The menu is tailored very subtly to that clientele. Latkes are on the menu. There are no pork dishes as a main course and the fish soup is made without shellfish. (Although these really are only the most minor of touches, tailored to the most casually observant Jews; there is still a lot of shellfish and milk mixed with meat on the list, both of which are distinctly unkosher.) 'Most people who come here know what they are going to have before they even arrive,' Tony says, 'they don't want to look at the menu, even.'

As to that menu, it is really only a statement of intent. As well as the 15 starters and the 30 main courses, there are a whole bunch of specials that are never listed but always there.

On the day these photographs were taken, Flo Ferguson, a customer in her eighties who has been eating here for decades, telephoned to say she had to cancel her booking. Her friend could not come so she wouldn't either. Tony told her to come anyway. He would have lunch with her instead. 'With Tony and his family it's just like coming home,' she says simply.

Today, Tony no longer cooks.
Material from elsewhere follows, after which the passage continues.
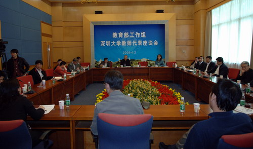 吴启迪与代表们进行了亲切交谈。她说,深圳市有改革高等教育体制的魄力,有把深大办出高水平大学、并迈向世界一流大学的能力。深大25年来的发展经历了不少成功的改革,希望各位教授学者畅所欲言,围绕如何进行高等教育体制改革,如何办出高水平大学、世界一流大学等问题提出意见。

The kitchen is run by his brother, with his wife and sister-in-law taking it in turns to do pastry. Two of his daughters do front of house. 'Because it is a family business we can keep costs down,' he says. As a result the lunch menu costs £23.50 for three courses, which is perfectly judged for those watching their pensions. What's more they know exactly what they are going to get for their money, which is just the way they like it.